_EXERCISE DETAILS_:
Give back the records that follow exactly, images excluded.

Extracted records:
#####

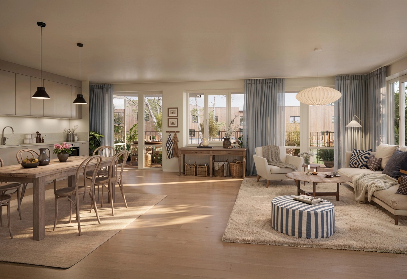Radhusen erbjuder det marknära boendet som många barnfamiljer längtar efter – med plats för både vardag och gemenskap. Här bor du på två eller tre plan, med mysig kamin i husets hjärta och njuter av havsbrisen på såväl terrass som på uteplatsen. Hemmen har premiumval i både kök och badrum och är utformade för att ge frihet att fokusera på det som verkligen betyder något – gemenskapen, barnen och vardagen – medan föreningen tar hand om det tunga och oväntade. Du slipper tänka på tak, fasader och stora underhållsprojekt, men får ändå känslan av eget hus med trädgård.
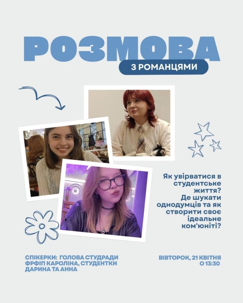 Кажуть, найкращі студентські історії починаються з одного вдалого знайомства ☕️ Давай почнемо твою історію вже зараз! Студрада факультету збирає своїх майбутніх студентів на «Розмову з романцями».
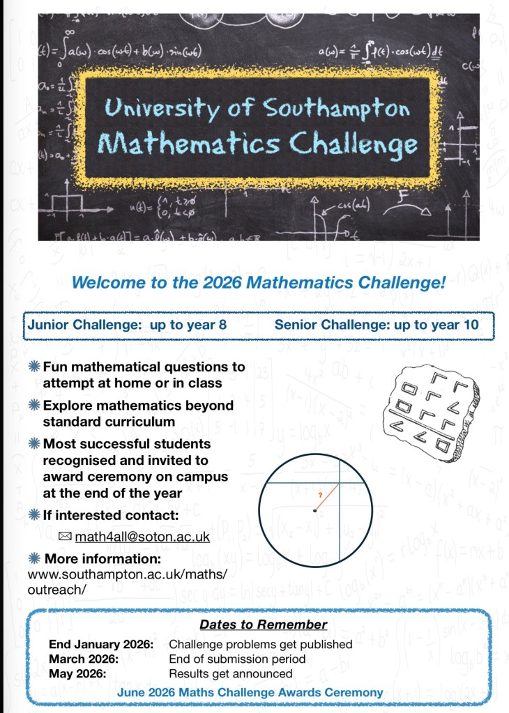 It always makes me happy to see opportunities for students to experience that same kind of thinking. The School of Mathematical Sciences at Southampton is currently running its Maths Challenge, encouraging exactly this sort of curiosity and persistence.
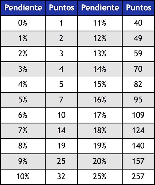Un sistema que refleja mejor la dureza de un ascenso es uno que no considera la longitud en el cálculo, sino solo la altura y la pendiente máxima, según la siguiente fórmula:
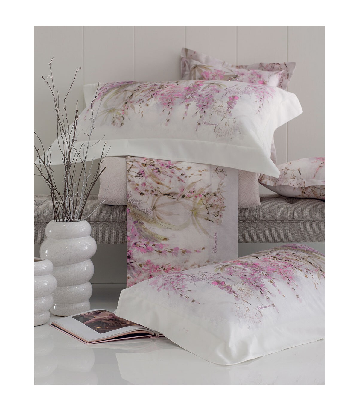 Completo lenzuola matrimoniale con stampa piazzata su raso di cotone, lenzuolo sotto in raso di cotone tinta unita. Made in italy
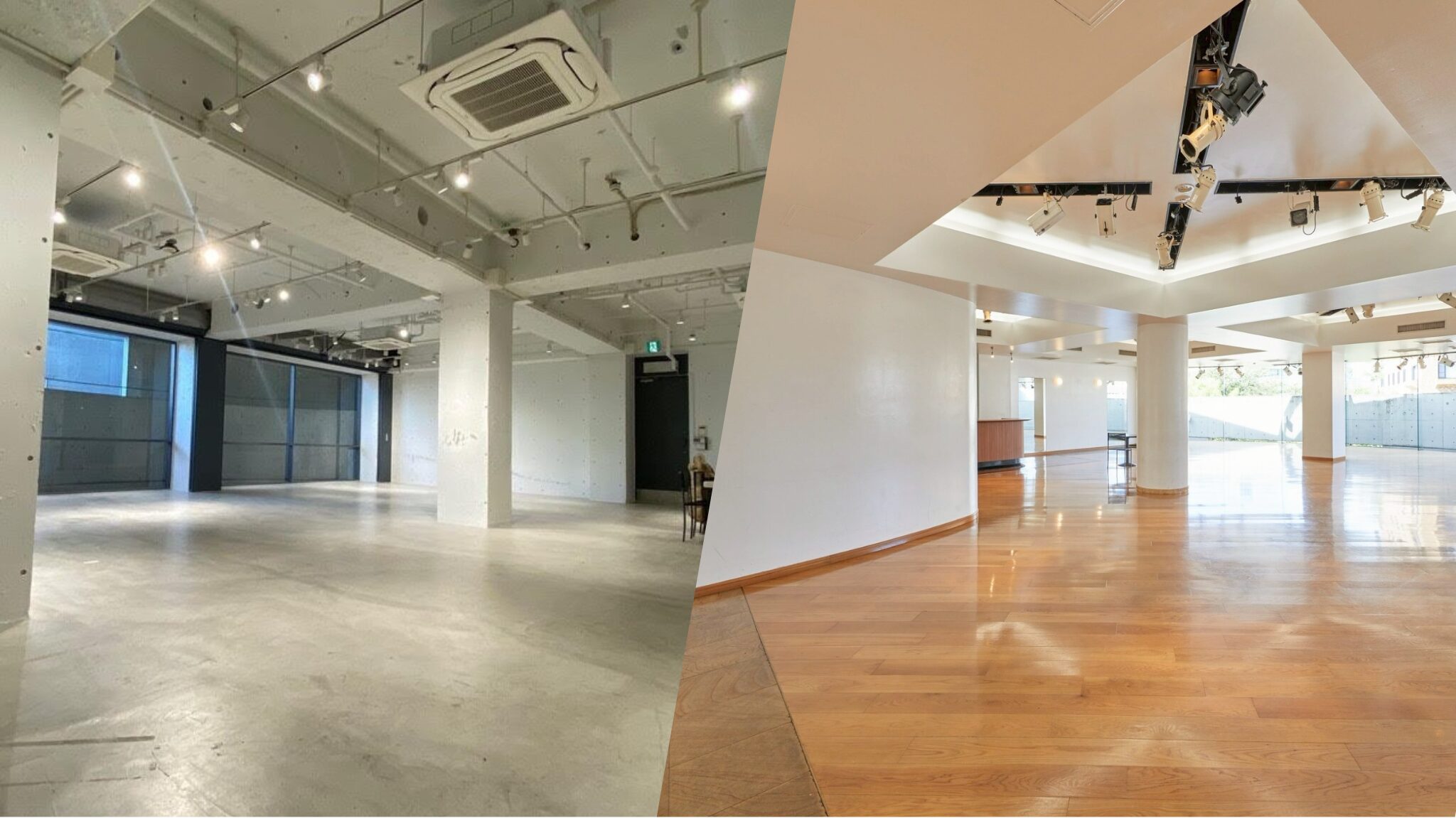 安藤忠雄建築のコレッツィオーネビルの3階にある約200平米の多目的スペースです。立地と地域柄からアパレル業界の展示会でのご利用を多く占める多目的という事でウェディングの二次会や企業パーティー、トークイベントなど幅広いジャンルに役立つスペースとなっております。
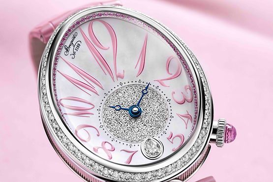 지난 3월 8일에 세계 여성의 날을 기념해 민트 컬러의 레인 드 네이플을 선보여 큰 화제를 모았던 브레게가 파스텔 핑크 컬러를 적용한 레인 드 네이플 8915를 공개했다. 이 시계는 컬렉션의 상징적인 타원형 케이스를 화이트 골드로 제작하고 베젤에는 53개의 브릴리언트 컷 다이아몬드를, 내부 플랜지에는 82개의 브릴리언트 컷 핑크 사파이어를 우아하게 세팅했다. 화이트 머더 오브 펄 소재의 다이얼은 스노우 세팅 기법으로 121개의 다이아몬드를 장식한 챕터링과 아브라함-루이 브레게가 개발한 포켓워치에서 영감을 받은 블랙 미닛 트랙이 눈길을 사로잡는다.
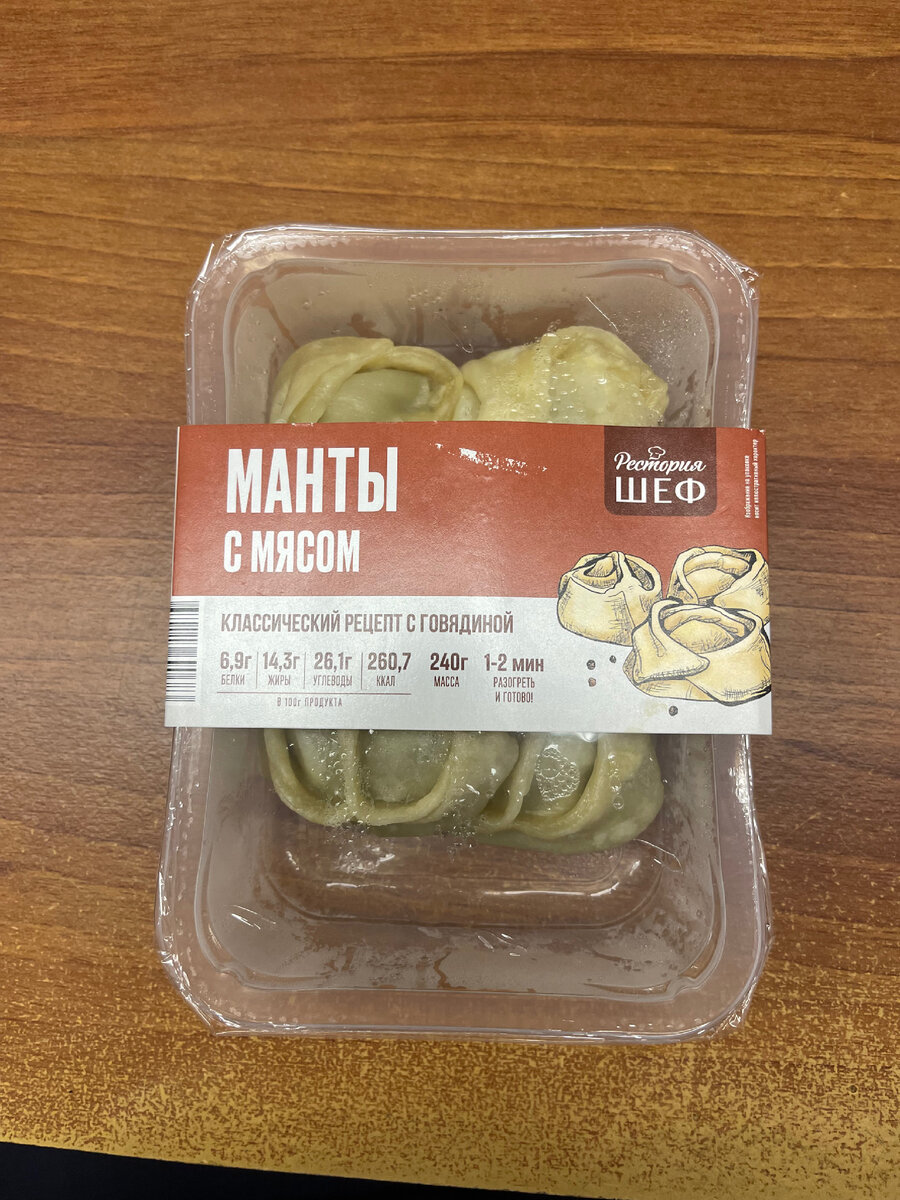 В кафе я хожу не каждый день, но обедаю регулярно. Сегодня поговорим об еще одном продукте от «Рестория.Шеф» это конечно же всеми любимые манты. У «Рестория. Шеф», тоже есть свои манты. Средняя стоимость 155₽ в магазине «Пятерочка» но иногда можно приобрести и по акции за 125₽ когда до срок годности остаётся 2-3 дня. Итак манты все мы привыкли есть их горячими, со сметаной или любимыми соусами. Когда кусаешь, а там много сока, лука 🧅 и конечно же мяса. Но как оно обычно бывает покупаешь готовые, сваришь, а внутри много много соевого мяса. Такое нам не подходит. 🫷 Так чем же отличаются манты от «Рестория.Шеф» наверное тем, что возможно у них тоже не чистое мясо, но оно там есть. Нет много лука, но все равно манты сочные и вкусные. Порция не огромная для любителей и ценник никак в некоторых магазинах. Вывод если решите поесть магазинные манты покупайте от «Рестория. Шеф». Если кто знает другие делитесь названием и где можно приобрести ? Обязательно попробуем 🤝
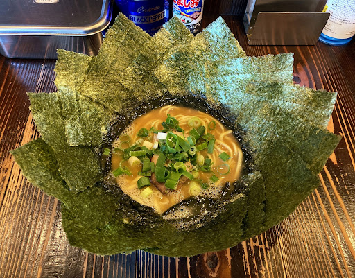 Read moreこの界隈に用事があり、腹も空いてるしラーメンだな、と。ラーメンデータベースとGoogleマップで検索。16時という微妙な時間に開いてる店は少なくて、口コミ見て良さげなので行ってみた。 店舗横に駐車場あり、何台停められるか不明。店に入ると先客1名のみ 厨房には大勝軒の故山岸さんみたいな店主さんのワンオペのよう 券売機を見ると何が家系なのかわからず。 たぶん 横浜らーめんだろうとポチッと。 私はライスとラーメン一緒に食べないので麺量を中にて選択、海苔があれば絶対追加でポチッとね。 山小屋風を撮りたくて、先客出て私が食べ終わって店主さんに写真撮っていいか聞いたら『ダメ』と。ありゃりゃ~ らーめんは5分くらいで着丼 海苔多すぎ(笑) デフォルト3枚なのかな?プラス10枚で13枚数だと思う。 このデカい海苔をこんなに出して採算合いますか?と心配になりますよ。 海苔好きとしてはたまらない。 こうやって出てくると丼の大きさわからず。 でもたぶん家系サイズだろうと。 麺の中を頼んだのですが意外と麺量は少ないね〜 おやつ代わりだからいいけどガッツリ昼食だと足らないかも。 スープは家系特有のドロドロ系じゃなくてサラッとした感じ 私はこの方が好みだね。キリッと醤油感ありー好きな味、つけ汁並にドロっとしてるより断然こっちがいいなぁ 酒井製麺の短めの麺はいつ食べても美味しいね。チャーシュー1枚、ほうれん草なしでしたね。 卓上にはおろしニンニクじゃなくて刻みニンニクのボトルがあり、これもまた珍しいね。 全般的に私の好みにピッタリでとても美味しくいただきました。横浜らーめん中950円+海苔100円でした。 ご馳走様です。再訪を誓います。 −−−−−2024/12/2再訪−−−−− この近くに用事があり〜時間が空いたので寄ってみた。14:30到着で先客5名 うち3人は着丼待ち 14:40着丼 今回はチャーシュー麺+海苔にて。海苔前回は100円でしたが、150円で10枚か。海苔好きは必須オーダー ここ、海苔で隠れてわからないけど家系アルアルで丼小さいんだよね。 大盛頼み忘れたよ。 酒井製麺の麺は安定の旨さ。 丼小さいからスープもちょいと少なめ 一回り丼大きいと嬉しいな。 大盛にすると丼サイズ変わるのか? チャーシューはバラ肉でホロホロ 箸で摘むと崩れちゃう 後半卓上の刻みニンニク投入でパワー...
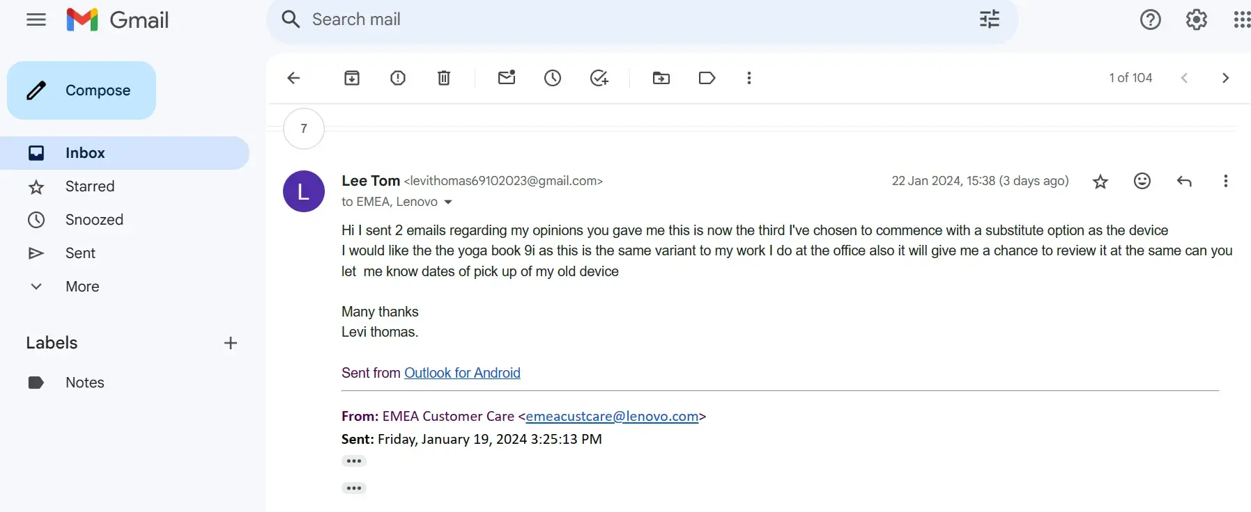 It took 5 months before they can authorise to pick up and refund the money. I emailed Lenovo about pick up date and location twice but the both emails got ignored. I took the matter further with Consumer protection and a lady called Stephanie contacted using the email address [protected]@lenovo.com. She was the rudest person I ever come cross. No apologies and denied everything I emailed. I was disgusted.
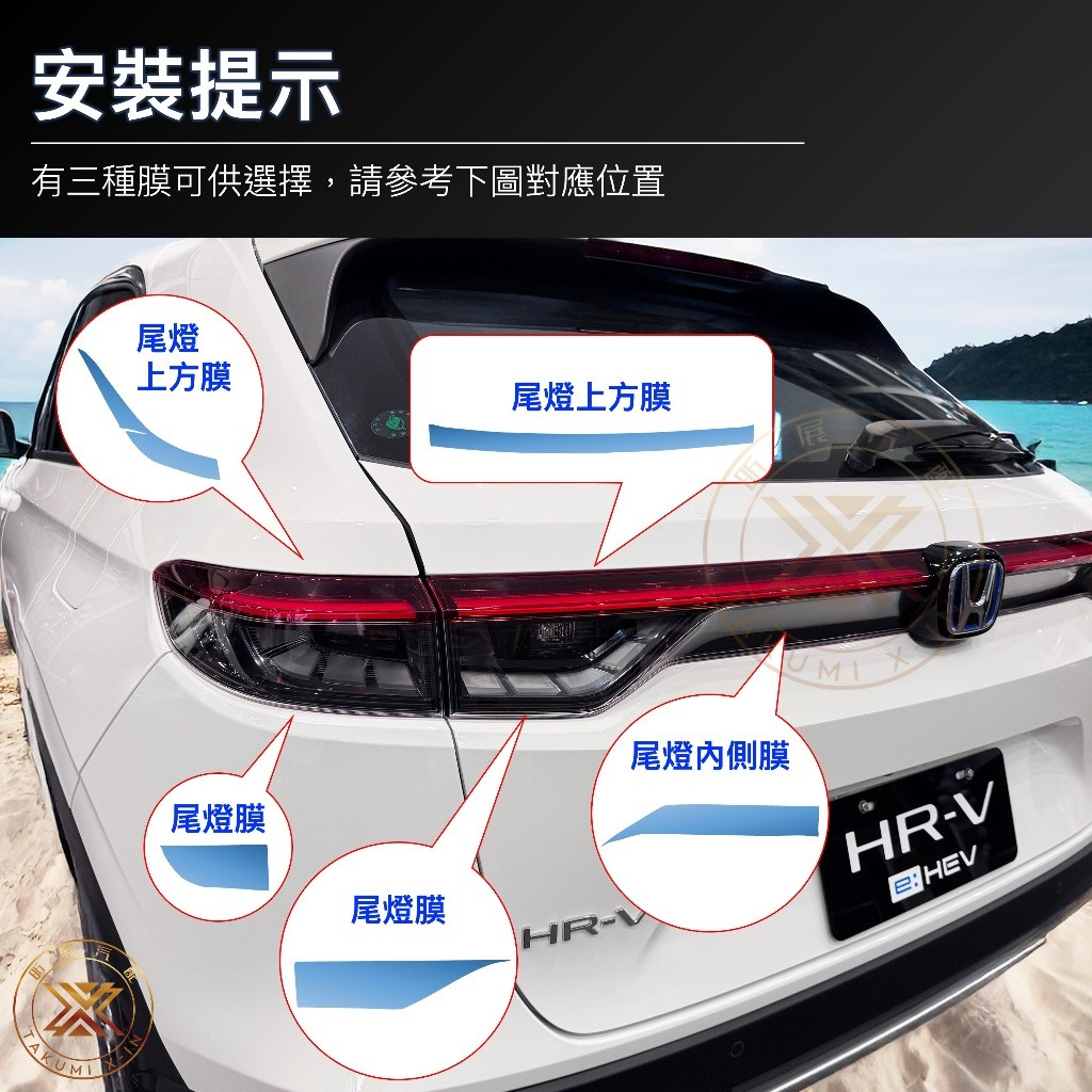 貼好之後,不只能讓HRV的屁股看起來更有層次,也順便幫尾燈加上一層保護。想讓愛車多一點個性、少一點負擔的改裝,從這片小小的TPU燻黑尾燈膜開始就很剛好。

#####

_RESPONSE_:
Radhusen erbjuder det marknära boendet som många barnfamiljer längtar efter – med plats för både vardag och gemenskap. Här bor du på två eller tre plan, med mysig kamin i husets hjärta och njuter av havsbrisen på såväl terrass som på uteplatsen. Hemmen har premiumval i både kök och badrum och är utformade för att ge frihet att fokusera på det som verkligen betyder något – gemenskapen, barnen och vardagen – medan föreningen tar hand om det tunga och oväntade. Du slipper tänka på tak, fasader och stora underhållsprojekt, men får ändå känslan av eget hus med trädgård.
 Кажуть, найкращі студентські історії починаються з одного вдалого знайомства ☕️ Давай почнемо твою історію вже зараз! Студрада факультету збирає своїх майбутніх студентів на «Розмову з романцями».
 It always makes me happy to see opportunities for students to experience that same kind of thinking. The School of Mathematical Sciences at Southampton is currently running its Maths Challenge, encouraging exactly this sort of curiosity and persistence.
Un sistema que refleja mejor la dureza de un ascenso es uno que no considera la longitud en el cálculo, sino solo la altura y la pendiente máxima, según la siguiente fórmula:
 Completo lenzuola matrimoniale con stampa piazzata su raso di cotone, lenzuolo sotto in raso di cotone tinta unita. Made in italy
 安藤忠雄建築のコレッツィオーネビルの3階にある約200平米の多目的スペースです。立地と地域柄からアパレル業界の展示会でのご利用を多く占める多目的という事でウェディングの二次会や企業パーティー、トークイベントなど幅広いジャンルに役立つスペースとなっております。
 지난 3월 8일에 세계 여성의 날을 기념해 민트 컬러의 레인 드 네이플을 선보여 큰 화제를 모았던 브레게가 파스텔 핑크 컬러를 적용한 레인 드 네이플 8915를 공개했다. 이 시계는 컬렉션의 상징적인 타원형 케이스를 화이트 골드로 제작하고 베젤에는 53개의 브릴리언트 컷 다이아몬드를, 내부 플랜지에는 82개의 브릴리언트 컷 핑크 사파이어를 우아하게 세팅했다. 화이트 머더 오브 펄 소재의 다이얼은 스노우 세팅 기법으로 121개의 다이아몬드를 장식한 챕터링과 아브라함-루이 브레게가 개발한 포켓워치에서 영감을 받은 블랙 미닛 트랙이 눈길을 사로잡는다.
 В кафе я хожу не каждый день, но обедаю регулярно. Сегодня поговорим об еще одном продукте от «Рестория.Шеф» это конечно же всеми любимые манты. У «Рестория. Шеф», тоже есть свои манты. Средняя стоимость 155₽ в магазине «Пятерочка» но иногда можно приобрести и по акции за 125₽ когда до срок годности остаётся 2-3 дня. Итак манты все мы привыкли есть их горячими, со сметаной или любимыми соусами. Когда кусаешь, а там много сока, лука 🧅 и конечно же мяса. Но как оно обычно бывает покупаешь готовые, сваришь, а внутри много много соевого мяса. Такое нам не подходит. 🫷 Так чем же отличаются манты от «Рестория.Шеф» наверное тем, что возможно у них тоже не чистое мясо, но оно там есть. Нет много лука, но все равно манты сочные и вкусные. Порция не огромная для любителей и ценник никак в некоторых магазинах. Вывод если решите поесть магазинные манты покупайте от «Рестория. Шеф». Если кто знает другие делитесь названием и где можно приобрести ? Обязательно попробуем 🤝
 Read moreこの界隈に用事があり、腹も空いてるしラーメンだな、と。ラーメンデータベースとGoogleマップで検索。16時という微妙な時間に開いてる店は少なくて、口コミ見て良さげなので行ってみた。 店舗横に駐車場あり、何台停められるか不明。店に入ると先客1名のみ 厨房には大勝軒の故山岸さんみたいな店主さんのワンオペのよう 券売機を見ると何が家系なのかわからず。 たぶん 横浜らーめんだろうとポチッと。 私はライスとラーメン一緒に食べないので麺量を中にて選択、海苔があれば絶対追加でポチッとね。 山小屋風を撮りたくて、先客出て私が食べ終わって店主さんに写真撮っていいか聞いたら『ダメ』と。ありゃりゃ~ らーめんは5分くらいで着丼 海苔多すぎ(笑) デフォルト3枚なのかな?プラス10枚で13枚数だと思う。 このデカい海苔をこんなに出して採算合いますか?と心配になりますよ。 海苔好きとしてはたまらない。 こうやって出てくると丼の大きさわからず。 でもたぶん家系サイズだろうと。 麺の中を頼んだのですが意外と麺量は少ないね〜 おやつ代わりだからいいけどガッツリ昼食だと足らないかも。 スープは家系特有のドロドロ系じゃなくてサラッとした感じ 私はこの方が好みだね。キリッと醤油感ありー好きな味、つけ汁並にドロっとしてるより断然こっちがいいなぁ 酒井製麺の短めの麺はいつ食べても美味しいね。チャーシュー1枚、ほうれん草なしでしたね。 卓上にはおろしニンニクじゃなくて刻みニンニクのボトルがあり、これもまた珍しいね。 全般的に私の好みにピッタリでとても美味しくいただきました。横浜らーめん中950円+海苔100円でした。 ご馳走様です。再訪を誓います。 −−−−−2024/12/2再訪−−−−− この近くに用事があり〜時間が空いたので寄ってみた。14:30到着で先客5名 うち3人は着丼待ち 14:40着丼 今回はチャーシュー麺+海苔にて。海苔前回は100円でしたが、150円で10枚か。海苔好きは必須オーダー ここ、海苔で隠れてわからないけど家系アルアルで丼小さいんだよね。 大盛頼み忘れたよ。 酒井製麺の麺は安定の旨さ。 丼小さいからスープもちょいと少なめ 一回り丼大きいと嬉しいな。 大盛にすると丼サイズ変わるのか? チャーシューはバラ肉でホロホロ 箸で摘むと崩れちゃう 後半卓上の刻みニンニク投入でパワー...
 It took 5 months before they can authorise to pick up and refund the money. I emailed Lenovo about pick up date and location twice but the both emails got ignored. I took the matter further with Consumer protection and a lady called Stephanie contacted using the email address [protected]@lenovo.com. She was the rudest person I ever come cross. No apologies and denied everything I emailed. I was disgusted.
 貼好之後,不只能讓HRV的屁股看起來更有層次,也順便幫尾燈加上一層保護。想讓愛車多一點個性、少一點負擔的改裝,從這片小小的TPU燻黑尾燈膜開始就很剛好。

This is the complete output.